After some weeks of back and forth discussions and me revisiting notes and photos to see what I had, I sent them an email at the definitive moment, when they were hoping to receive a brief “dossier” about the specific case—which they said “had generated a lot of interest” at the ICC—and I shared my uncertainty about the ethics of collaborating with an “International Criminal Court” that was only indicting black Africans. I indicated my concern for the witness ‘Sandrine’, a young girl discussed in my story who named names of commanders, dates of executions, and who herself used a machete in an ethnic massacre and was raped by militiamen. I noted that witnesses identified for the Rwandan Tribunal (ICTR) had been murdered or mysteriously disappeared, and noted my awareness of the injustice of the Tribunals for Yugoslavia and Rwanda, and the disconcerting trajectory of the ICC.
On 4 March 2009 the ICC prosecutors announced that they were at last issuing the long threatened but first ever indictments against a sitting head of state, Omar al-Bashir, the Arab President of Sudan. Meanwhile, Somali ‘pirates’ off East Africa recently freed a Ukrainian ship with a Panamanian registration, a Ukrainian crew and flag of Belize: The freighter carried tanks, rockets and munitions destined for Darfur, and it is owned by an Israeli ‘businessman’ and reputed MOSSAD operative named Vadim Alperin.

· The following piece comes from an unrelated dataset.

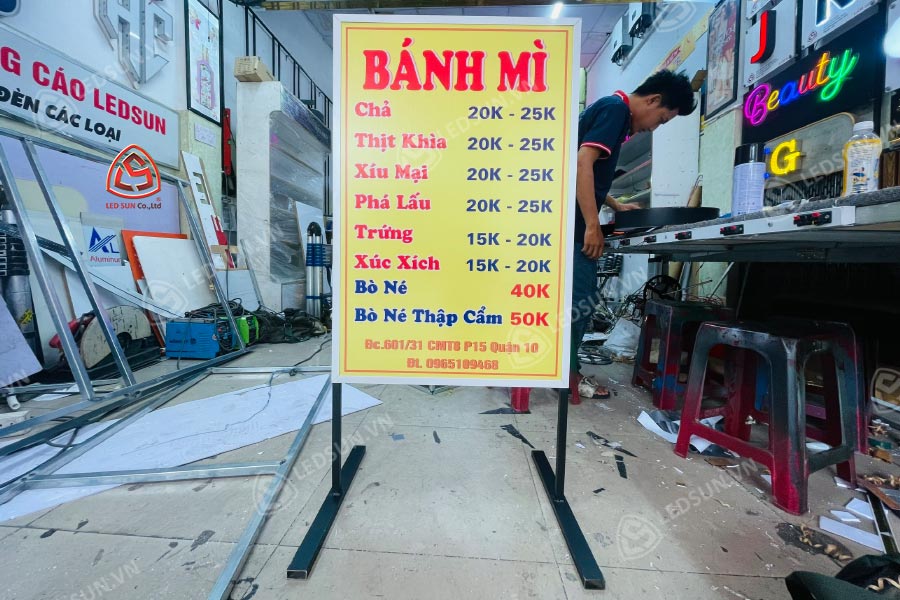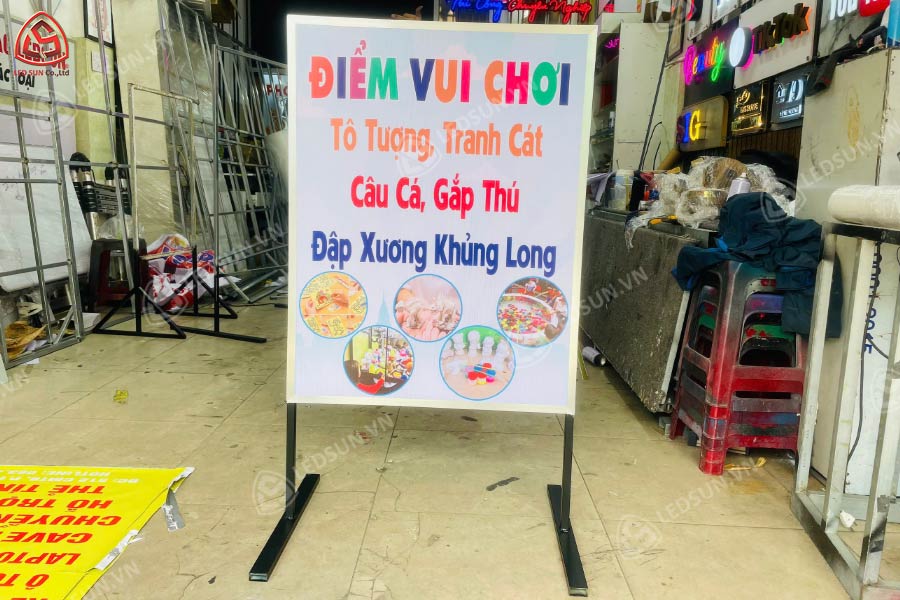 Biển bạt 2 mặt có chân là một loại biển quảng cáo phổ biến, thường được sử dụng trước các cửa hàng, quán ăn, tiệm tóc, tiệm tạp hóa,… với mục đích thu hút sự chú ý từ cả hai hướng người đi đường.

It is difficult to make sense of the war in Darfur—especially when people see it as a one-sided “genocide” of Arabs against blacks that is being committed by the Bashir ‘regime’—but such is the establishment propaganda. The real story is much more expansive, more complex, and it revolves around some relatively unknown but shady characters. What follows is a short and imperfect summary of some of the deeper geopolitical realities behind the struggle for Sudan.
First note that the ICC can now be viewed as a tool of hegemonic U.S. foreign policy, where the weapons deployed by the U.S. and its allies include the accusations of, and indictments for, human rights violations, war crimes and crimes against humanity.
To understand this, we can ask why no white man has yet been charged with these or other offenses at the ICC — which now holds five black African “warlords” and seeks to incarcerate and bring to trial another black man, also an Arab, Omar Bashir.
Why hasn’t George W. Bush been indicted? Or what about Donald Rumsfeld? Dick Cheney? Henry Kissinger? Ehud Olmert? Tony Blair? Vadim Alperin? John Bredenkamp?